After the palace I caught a rickshaw back to the harbor so that I could check out the Chinese fishing nets at sunset. A lot of drivers receive kickbacks for taking tourists to different stores, and this one was really nice so when he told me he got a liter of gasoline if I went into a certain store, I played along. I didn’t buy anything because I wasn’t interested in shopping there in the least bit, but I figured I could help a pal out. But you also have to say no too because if you helped ever rickshaw driver out, your entire day would be spent being shuttle between shops. Anyway, back to the Chinese fishing nets.

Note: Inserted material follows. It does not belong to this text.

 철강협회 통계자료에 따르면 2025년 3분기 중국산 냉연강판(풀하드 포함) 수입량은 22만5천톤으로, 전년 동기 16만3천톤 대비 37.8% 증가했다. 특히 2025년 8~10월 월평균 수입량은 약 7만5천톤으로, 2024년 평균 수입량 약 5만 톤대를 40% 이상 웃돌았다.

This is the only place in the world (outside of China of course) where they use/you can see these kinds of fishing nets. The system is really neat, they basically have a ginormous pulley system (and by pulley system I really mean slab of concrete) that helps to lower the nets into the water. After letting it sit there for a few mins they slowly raise the net back up, bringing fish and whatever else is there—usually lots and lots and lots of garbage and little lily pad type things—to the surface. The garbage and the vegetation is thrown back into the water (which really isn’t smart because sooner or later they just end up catching it all over again) and the whole process is over. Some men invited me up on their dock and let me get a closer look, take pictures, etc. As I went to leave they informed me that their catch wasn’t a good one so I needed to pay them each money. They asked for 480 rupees, which was so ridiculous so I told them I could give them 20 rupees. I don’t think they were very happy with me but oh well. Im not very happy with people who try to scam me so I guess we were even. :)

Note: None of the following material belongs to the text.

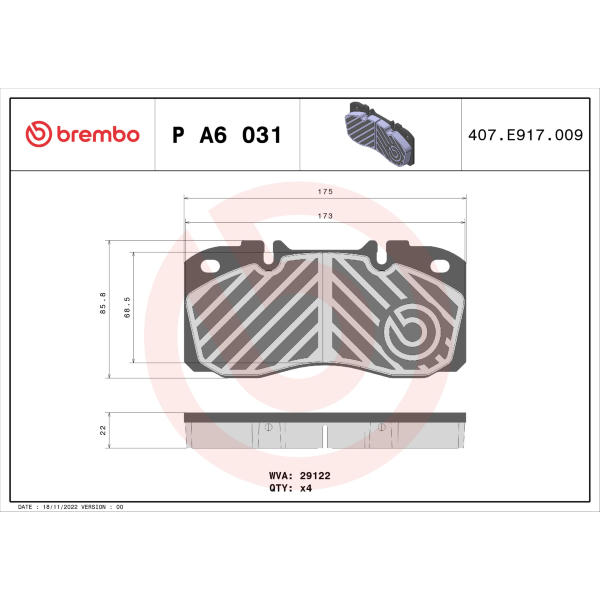 Sada brzdových destiček, kotoučová brzda BREMBO P A6 031

The men insisted I hold the net but as you can see I felt a little weird about it--mostly because I had just seen the handle get plastered with fish guts from the hands of the man who was now touching my camera and taking this picture. Yes, I had a bit of a germaphobic moment and yes, I am totally owning it. Blahhhh.




I spent the evening exploring more of the shops and town. There is so much to see and take in here that I was entertained for hours. I literally had to stop somewhere and buy pants though, it is significantly hotter here then it is in Tamil Nadu right now and I was sweating bad enough that my skirt and my legs were not getting along at all: aka I was getting a rash from my legs rubbing together when I walked.  Believe it or not I wasn’t in much of a shopping mood, but I automatically felt better about shopping as soon as it was something I actually needed. I've noticed that when interact with the locals it's obvious that they just see me as another light skinned tourist. I can't blame them for that because duh, (that really doesn't need any further explanation) but it is always entertaining for me to see the change in how they deal with me from when they initially meet me and make that judgement and then eventually realize that I am living in India right now and know a thing or two about what prices certain things should cost or that I know when they are totally trying to swindle me, etc. I called a few shop owners out on it and as soon as I told them I was living in Tamil Nadu and I wasn’t just another tourist, they were pretty good at adjusting prices for me on the couple of things I did get. Some of the other volunteers have taken to calling me “The Bulldog” when it comes to shopping and bargaining prices. I've earned that name from not only bargaining for myself but also for others that are with me. I love haggling because it's such a fun challenge--I see it as a kind of game.

Ironically, I had a hard time finding food again tonight. Not that there weren’t plenty of options, it was just that most of them involved fish. After striking out numerous times, I found this little café that ended up being pretty yummy. The ambiance of the café made up for the lack of “ridiculously” yummy food.  Plus, I got a seat right nest to the bug zapper so I’d say dinner was a success.